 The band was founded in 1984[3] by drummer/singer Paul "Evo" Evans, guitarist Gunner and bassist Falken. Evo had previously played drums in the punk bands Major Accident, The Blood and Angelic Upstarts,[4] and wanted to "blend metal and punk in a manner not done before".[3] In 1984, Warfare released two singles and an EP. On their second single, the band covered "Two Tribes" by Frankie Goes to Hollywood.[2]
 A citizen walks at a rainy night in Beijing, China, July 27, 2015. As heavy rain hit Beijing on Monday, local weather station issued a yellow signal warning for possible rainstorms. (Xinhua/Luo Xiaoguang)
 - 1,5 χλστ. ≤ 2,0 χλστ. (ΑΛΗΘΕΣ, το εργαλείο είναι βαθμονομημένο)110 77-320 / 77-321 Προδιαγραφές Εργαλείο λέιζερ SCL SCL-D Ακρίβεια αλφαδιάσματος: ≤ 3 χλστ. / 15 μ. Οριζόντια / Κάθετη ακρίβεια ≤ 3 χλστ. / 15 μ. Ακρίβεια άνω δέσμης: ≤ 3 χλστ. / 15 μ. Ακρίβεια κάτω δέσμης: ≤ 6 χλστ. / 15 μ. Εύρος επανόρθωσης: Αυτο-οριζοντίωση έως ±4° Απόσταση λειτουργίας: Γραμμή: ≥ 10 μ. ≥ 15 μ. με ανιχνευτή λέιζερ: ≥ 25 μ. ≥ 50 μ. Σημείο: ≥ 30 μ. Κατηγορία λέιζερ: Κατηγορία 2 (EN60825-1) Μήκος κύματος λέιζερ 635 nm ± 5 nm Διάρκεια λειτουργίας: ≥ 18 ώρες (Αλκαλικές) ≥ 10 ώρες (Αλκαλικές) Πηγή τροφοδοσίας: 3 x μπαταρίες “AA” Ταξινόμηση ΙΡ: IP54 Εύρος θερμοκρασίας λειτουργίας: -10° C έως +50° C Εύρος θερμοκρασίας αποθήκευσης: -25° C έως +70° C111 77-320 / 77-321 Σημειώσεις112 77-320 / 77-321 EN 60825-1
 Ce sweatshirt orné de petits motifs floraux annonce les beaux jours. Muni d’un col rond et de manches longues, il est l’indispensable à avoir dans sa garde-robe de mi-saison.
...
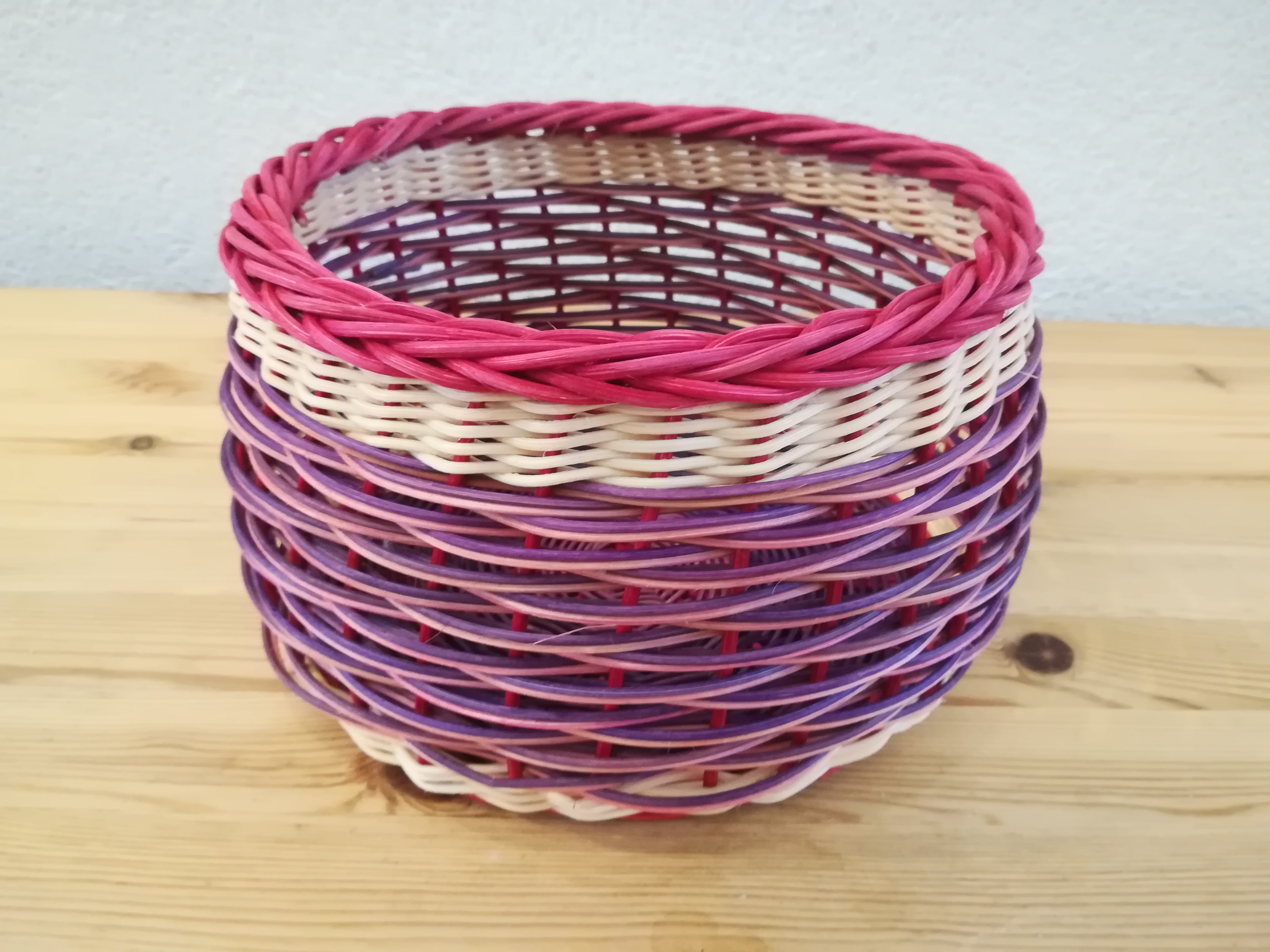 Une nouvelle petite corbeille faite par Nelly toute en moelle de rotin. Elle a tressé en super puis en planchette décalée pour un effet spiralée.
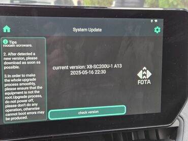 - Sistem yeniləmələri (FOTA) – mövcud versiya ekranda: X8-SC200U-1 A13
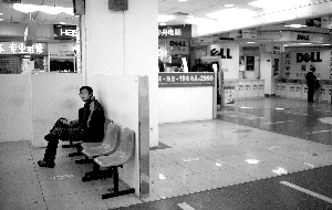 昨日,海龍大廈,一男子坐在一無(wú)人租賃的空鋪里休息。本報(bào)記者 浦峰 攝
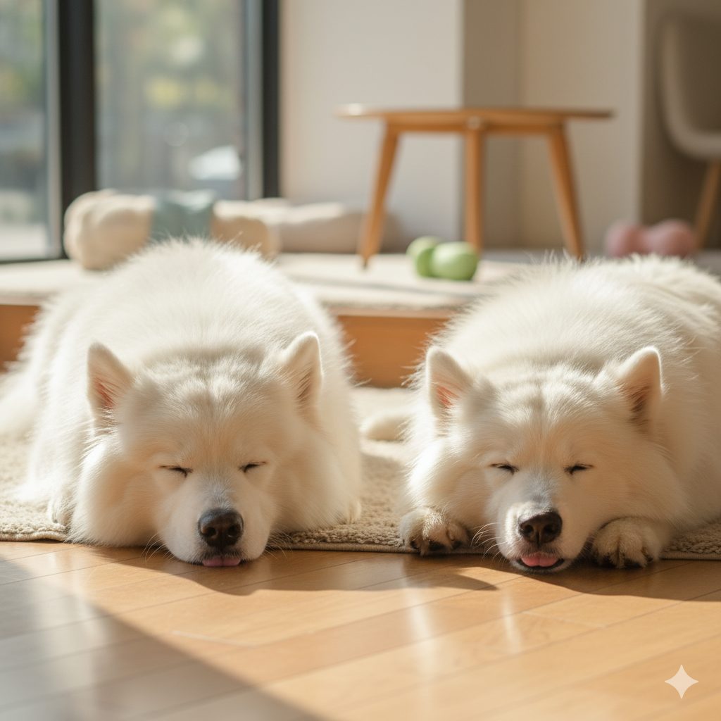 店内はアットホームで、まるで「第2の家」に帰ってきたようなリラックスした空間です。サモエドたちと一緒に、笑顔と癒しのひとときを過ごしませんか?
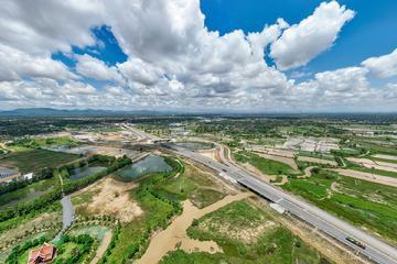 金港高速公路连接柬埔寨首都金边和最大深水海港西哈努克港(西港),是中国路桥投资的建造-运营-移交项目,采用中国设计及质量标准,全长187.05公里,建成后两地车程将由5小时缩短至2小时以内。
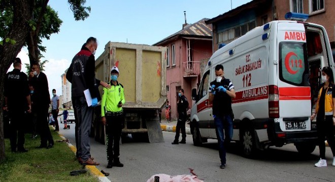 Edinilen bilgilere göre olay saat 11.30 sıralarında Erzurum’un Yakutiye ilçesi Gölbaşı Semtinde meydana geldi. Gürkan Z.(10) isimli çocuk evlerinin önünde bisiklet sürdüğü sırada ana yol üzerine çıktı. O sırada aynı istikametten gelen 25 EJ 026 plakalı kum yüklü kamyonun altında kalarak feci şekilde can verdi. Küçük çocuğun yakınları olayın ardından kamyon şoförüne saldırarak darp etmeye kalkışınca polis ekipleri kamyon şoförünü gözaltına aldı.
* * *
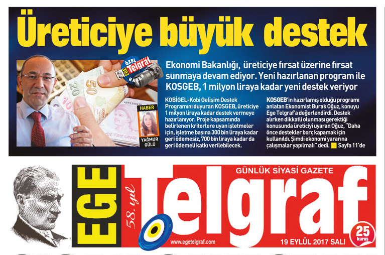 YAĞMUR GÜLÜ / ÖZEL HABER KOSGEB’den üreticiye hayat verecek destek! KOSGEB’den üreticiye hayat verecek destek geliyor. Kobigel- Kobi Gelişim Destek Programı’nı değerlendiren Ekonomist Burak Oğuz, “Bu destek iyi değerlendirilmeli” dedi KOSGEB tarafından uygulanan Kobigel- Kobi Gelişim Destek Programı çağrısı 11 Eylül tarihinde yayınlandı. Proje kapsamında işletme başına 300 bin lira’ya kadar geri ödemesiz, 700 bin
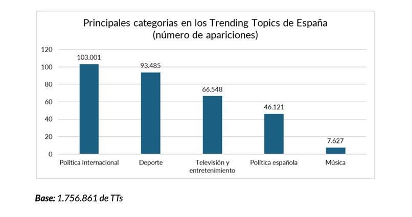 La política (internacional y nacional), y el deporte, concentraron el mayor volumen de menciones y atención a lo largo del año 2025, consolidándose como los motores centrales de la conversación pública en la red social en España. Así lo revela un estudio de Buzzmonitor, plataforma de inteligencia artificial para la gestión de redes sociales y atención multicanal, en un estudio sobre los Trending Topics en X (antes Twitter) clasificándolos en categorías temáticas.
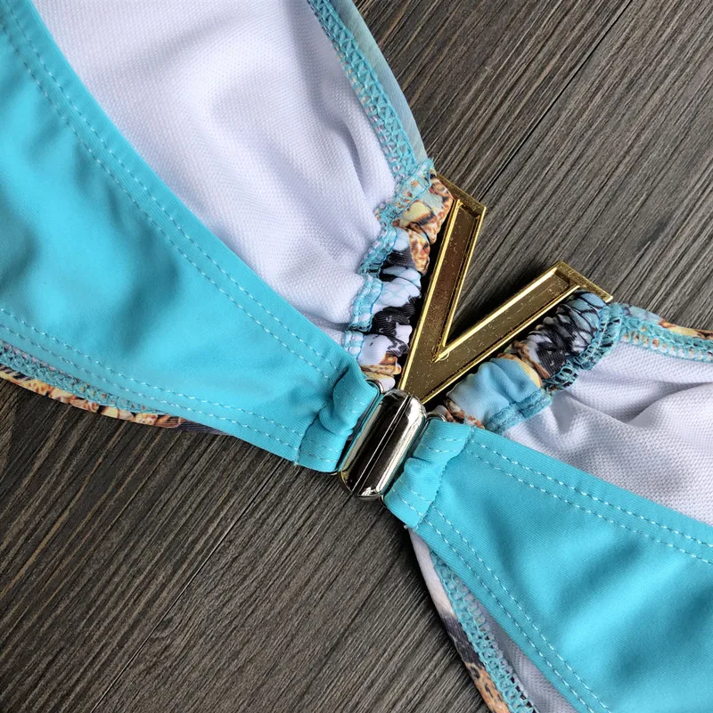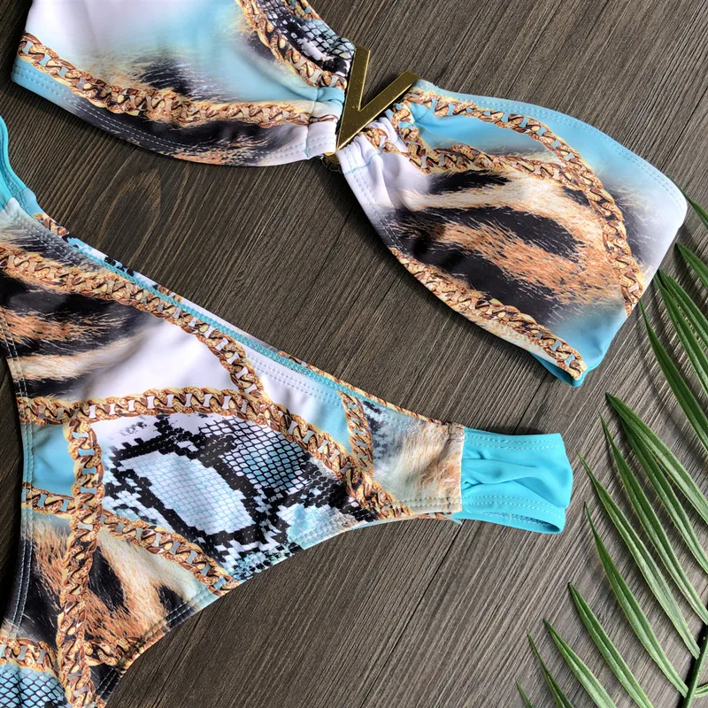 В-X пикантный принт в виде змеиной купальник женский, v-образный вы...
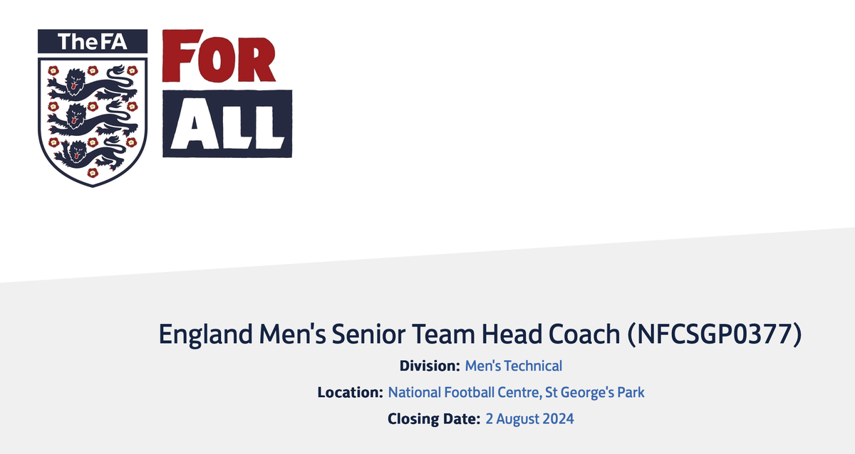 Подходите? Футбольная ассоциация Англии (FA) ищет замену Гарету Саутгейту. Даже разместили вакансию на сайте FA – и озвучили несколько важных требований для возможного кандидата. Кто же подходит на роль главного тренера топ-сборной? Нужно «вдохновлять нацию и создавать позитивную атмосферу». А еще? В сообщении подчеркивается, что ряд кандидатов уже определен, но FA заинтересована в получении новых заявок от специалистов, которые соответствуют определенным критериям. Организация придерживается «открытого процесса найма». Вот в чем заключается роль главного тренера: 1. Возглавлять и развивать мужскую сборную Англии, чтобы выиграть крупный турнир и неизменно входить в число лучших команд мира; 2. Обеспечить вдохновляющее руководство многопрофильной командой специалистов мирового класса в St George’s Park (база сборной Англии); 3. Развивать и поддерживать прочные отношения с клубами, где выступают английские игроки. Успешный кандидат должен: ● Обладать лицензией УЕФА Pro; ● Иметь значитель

[TASK TO COMPLETE] Copy exactly the lines of the entries above from the one containing "- Sistem yeniləmələri" through the one containing "Edinilen bilgilere göre". Both end lines count; pictures do not.

[SOLUTION TO THIS PROBLEM]
 - Sistem yeniləmələri (FOTA) – mövcud versiya ekranda: X8-SC200U-1 A13
 昨日,海龍大廈,一男子坐在一無(wú)人租賃的空鋪里休息。本報(bào)記者 浦峰 攝
 店内はアットホームで、まるで「第2の家」に帰ってきたようなリラックスした空間です。サモエドたちと一緒に、笑顔と癒しのひとときを過ごしませんか?
 金港高速公路连接柬埔寨首都金边和最大深水海港西哈努克港(西港),是中国路桥投资的建造-运营-移交项目,采用中国设计及质量标准,全长187.05公里,建成后两地车程将由5小时缩短至2小时以内。
 Edinilen bilgilere göre olay saat 11.30 sıralarında Erzurum’un Yakutiye ilçesi Gölbaşı Semtinde meydana geldi. Gürkan Z.(10) isimli çocuk evlerinin önünde bisiklet sürdüğü sırada ana yol üzerine çıktı. O sırada aynı istikametten gelen 25 EJ 026 plakalı kum yüklü kamyonun altında kalarak feci şekilde can verdi. Küçük çocuğun yakınları olayın ardından kamyon şoförüne saldırarak darp etmeye kalkışınca polis ekipleri kamyon şoförünü gözaltına aldı.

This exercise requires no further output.